_Task to carry out_:
Once you find the line with "Round Neck New", output it and every line after it exactly, through the last line of the listing, but no pictures.

_ _ _ _

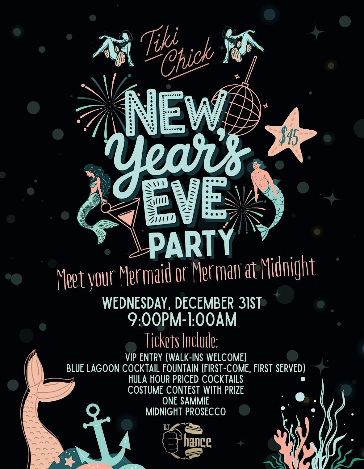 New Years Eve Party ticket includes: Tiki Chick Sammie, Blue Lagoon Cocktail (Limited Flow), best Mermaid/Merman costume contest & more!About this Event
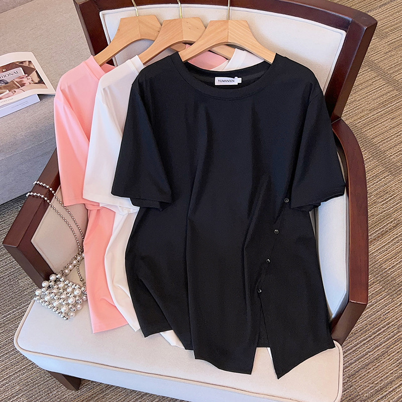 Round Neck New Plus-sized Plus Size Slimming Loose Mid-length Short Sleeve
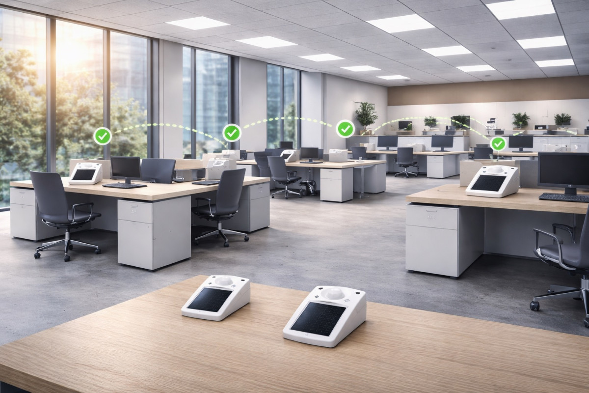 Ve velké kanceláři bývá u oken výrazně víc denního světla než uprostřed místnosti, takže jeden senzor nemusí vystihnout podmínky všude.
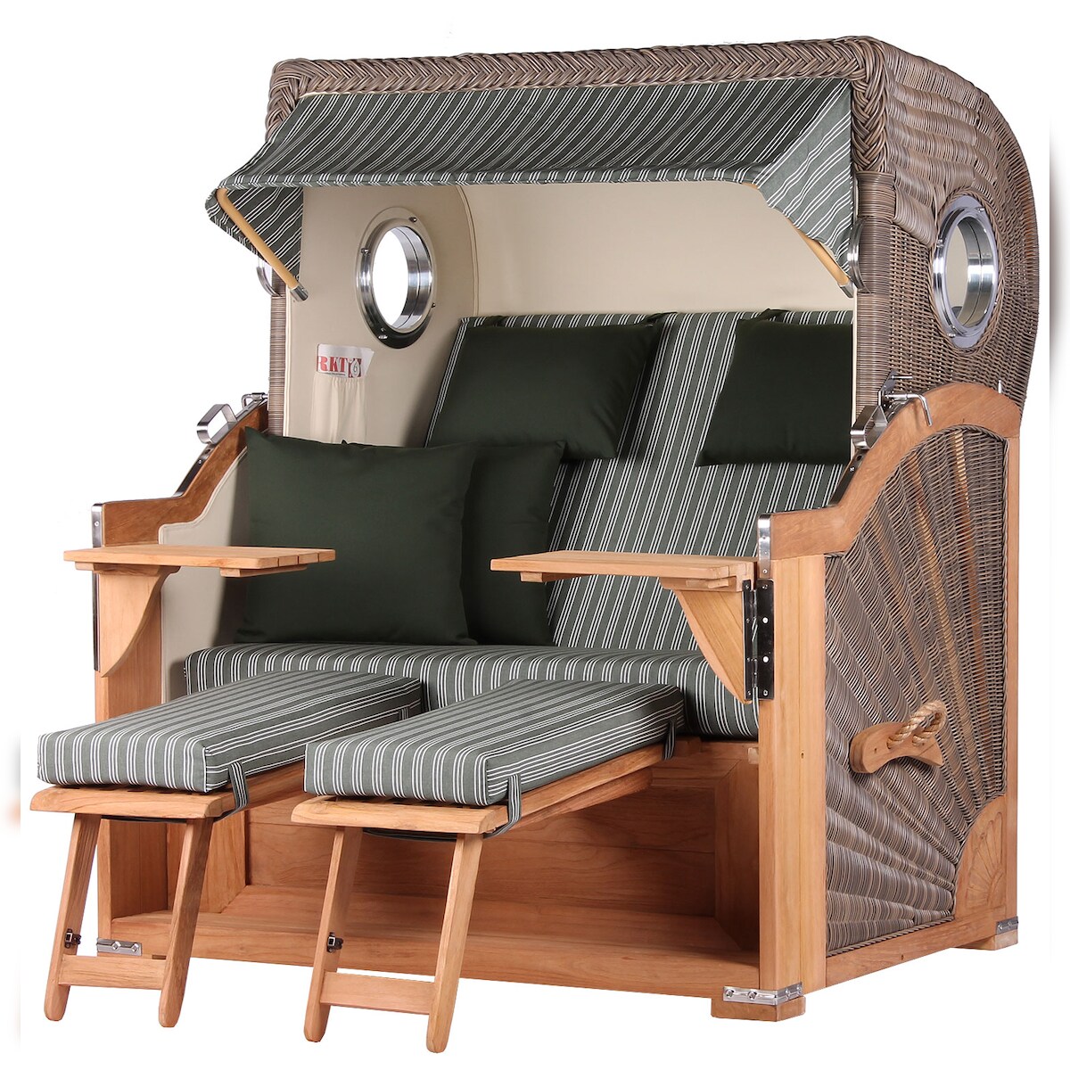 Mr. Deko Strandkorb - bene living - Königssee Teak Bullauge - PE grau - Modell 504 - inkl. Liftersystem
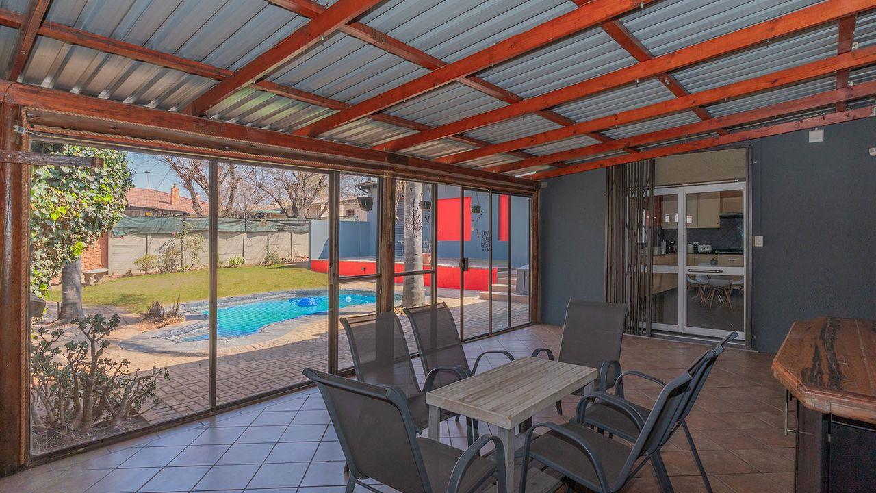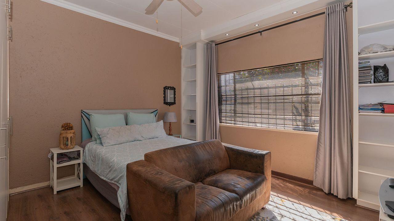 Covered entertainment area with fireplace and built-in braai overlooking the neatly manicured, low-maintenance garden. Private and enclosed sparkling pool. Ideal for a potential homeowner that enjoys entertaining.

_ _ _ _

_Exercise output_:
 Round Neck New Plus-sized Plus Size Slimming Loose Mid-length Short Sleeve
 Ve velké kanceláři bývá u oken výrazně víc denního světla než uprostřed místnosti, takže jeden senzor nemusí vystihnout podmínky všude.
 Mr. Deko Strandkorb - bene living - Königssee Teak Bullauge - PE grau - Modell 504 - inkl. Liftersystem
 Covered entertainment area with fireplace and built-in braai overlooking the neatly manicured, low-maintenance garden. Private and enclosed sparkling pool. Ideal for a potential homeowner that enjoys entertaining.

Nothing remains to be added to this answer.